Each line of data below must be printed exactly as written, with any pictures removed.

__Dataset content__.

╔══

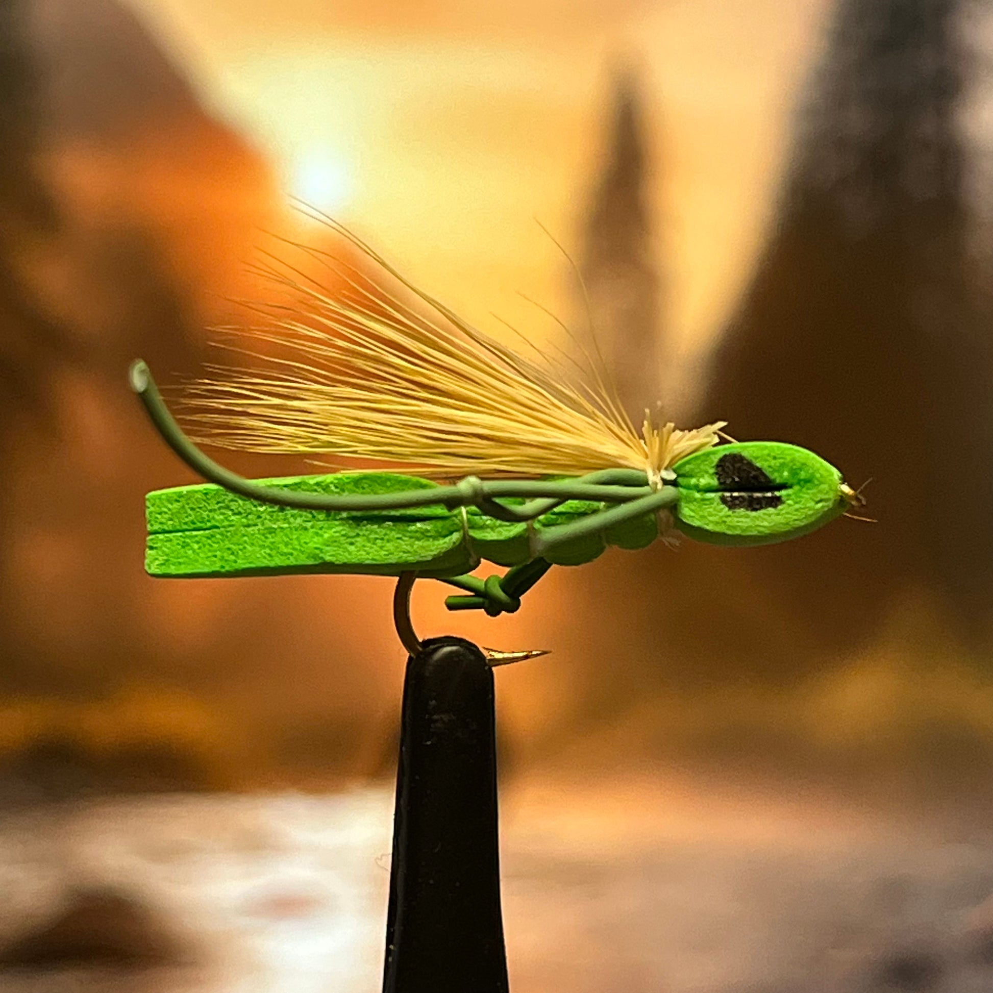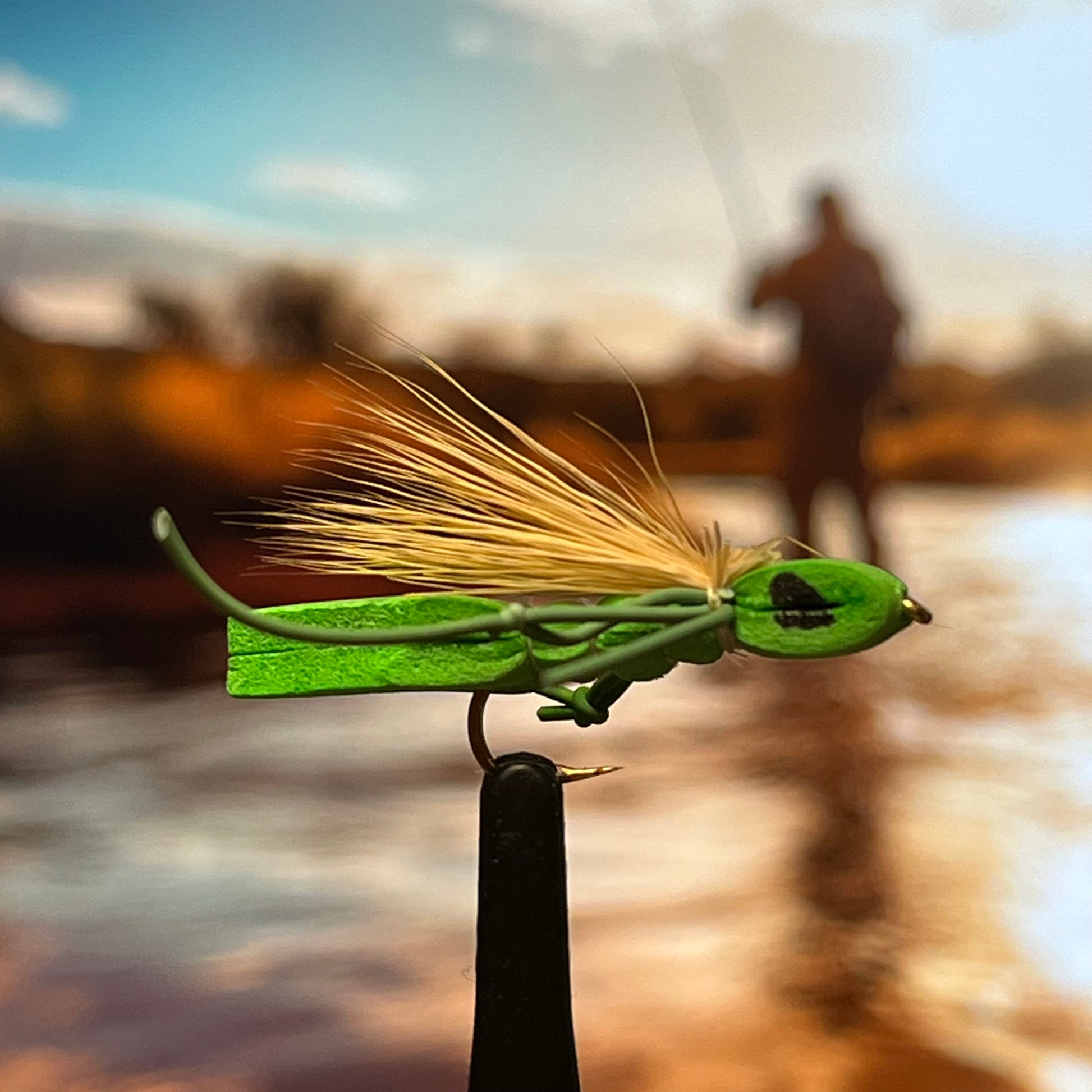 The Charlie Boy Hopper was designed in the early 2000s by Colorado fly tier Charlie Craven. Craven created it to specifically imitate the grasshoppers found along Colorado's rivers in late summer.
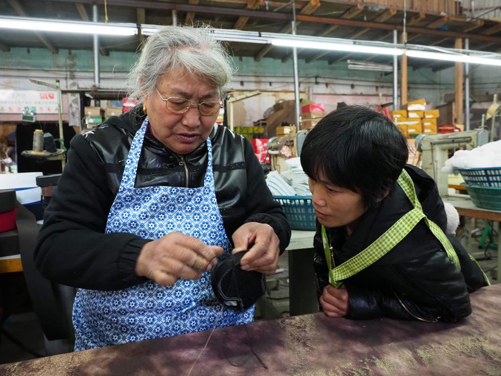 3月15日,在浙江省景寧縣鶴溪街道,72歲的制鞋能手施岳群(左)教新來的女工徐海菊縫制鞋幫。
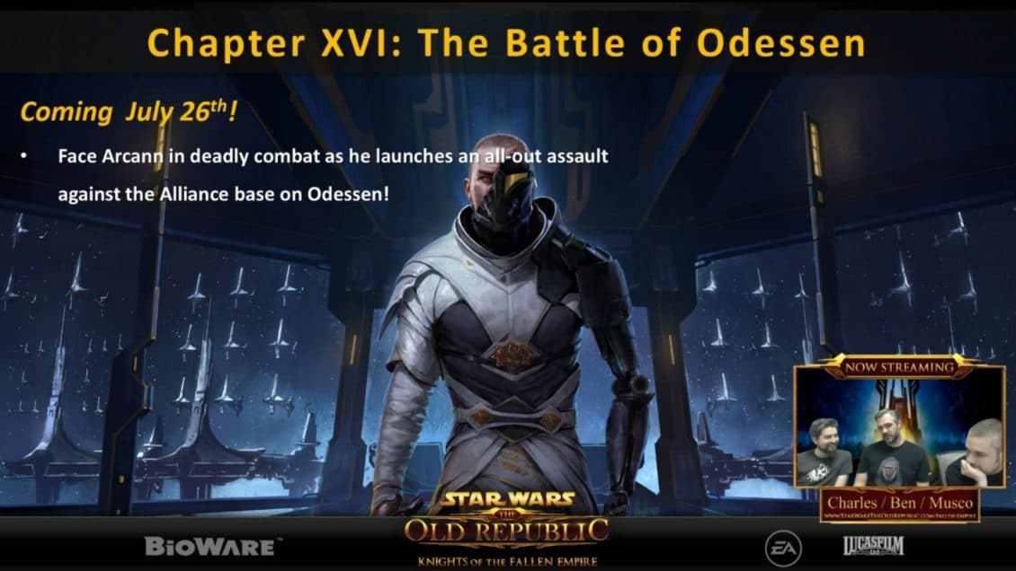 - Chapter 16 comes on July 26th. It’s called “The Battle of Odessen” and is the big ending of Season 1 of Knights of the Fallen Empire.

╚══

__Result__.
 The Charlie Boy Hopper was designed in the early 2000s by Colorado fly tier Charlie Craven. Craven created it to specifically imitate the grasshoppers found along Colorado's rivers in late summer.
 3月15日,在浙江省景寧縣鶴溪街道,72歲的制鞋能手施岳群(左)教新來的女工徐海菊縫制鞋幫。
 - Chapter 16 comes on July 26th. It’s called “The Battle of Odessen” and is the big ending of Season 1 of Knights of the Fallen Empire.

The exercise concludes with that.